Oh, Katie, you’re thinking, another bath post? Seriously? And to you, I’d offer sheepishly that you could take the next couple moments you might have otherwise read my blog and go do something else. Get some coffee! Have some sweet tea! Do you drink enough water? How are you doing on your daily servings of fruits and vegetables? Write that email you’ve been putting off or call your parents and/or children. I won’t be offended at all. But the fact is that I did take a bath and feel compelled to document the progress I’ve made in this area. Now I’m still not a bathing expert, but, as an experiment, it’s coming along in terms of being pleasant and relaxing.
“I have no bath products,” I huffed when I came to fetch the candle with the wooden wick that I used last time. When Friend replied she might have left some bath salts somewhere at my house, I shook my head and said I’d just use shower gel and clean water. “Like an animal or something,” I muttered as I returned to the master bedroom tucked into a corner at the back of my house.
Determined to enjoy the experience in its entirety, I turned on the water and began to arrange necessary items on the edge of the tub. I stood on tiptoe to fetch my razor from the shower caddy and peered around my bottle of face wash to see the shower gel I rarely use in the corner. I’d found a small tub of foot scrub in the cabinets when I was on my failed search for bubble bath so I placed those things at the far end of the bathtub. I found my pumice stone and remembered the white poof I’d need for the shower gel. Then I found some a small tub with some product designed to look like cucumber slices. After briefly wondering if such things expired, I tossed it where it could be reached as well.

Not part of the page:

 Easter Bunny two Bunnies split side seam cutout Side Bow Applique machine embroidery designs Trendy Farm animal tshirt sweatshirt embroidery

I frowned with confusion until I remembered Friend borrowed my basket to do laundry here this weekend then tossed my pajamas into a small pile on the other side of my lengthy bathroom. I dipped my toes in the hot water that had thus far pooled and winced a bit as I eased them to rest on the bottom. The water lapped at my ankles and I’d no sooner adjusted to the temperature when I realized I’d likely forget to water the plant that hangs above the bathtub unless I got the large cup I typically use for that task. I swung my legs out of the tub and carefully moved toward the vanity, remembering the time I scampered out of the shower to answer the door and slipped on the tile floor. I landed hard on my side and remained on the floor, stunned and feeling not unlike a felled elephant. After finding it under the counter, I settled the huge plastic cup - the ones that come holding far too much soda and don’t fit in my car’s cup holders - at the near end of the tub. Deciding if I had a cup, I might as well wash my hair too, I opened new bottles of shampoo and conditioner and put them close at hand.

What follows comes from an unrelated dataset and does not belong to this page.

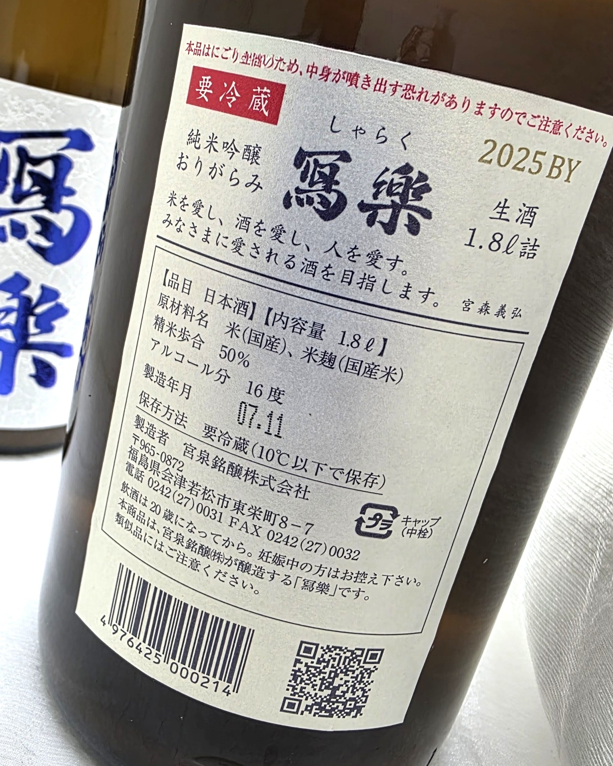 ・冩樂(福島県)純米吟醸 おりがらみ 生酒

I eased into the water and sat with my legs crossed in front of me. “Third time’s the charm,” I said resolutely and was determined to be sublimely relaxed by the time I finished. The water was just water, I noticed again before removing my glasses and setting them neatly out of the way. No bubble bath or bath orbs or anything cool, I pouted. Looking on the bright side, I picked up the plastic cup, filled it with water, and considered it for a moment. Thinking that I hadn’t washed my hair in a bathtub for decades, I shrugged and poured the water on my head.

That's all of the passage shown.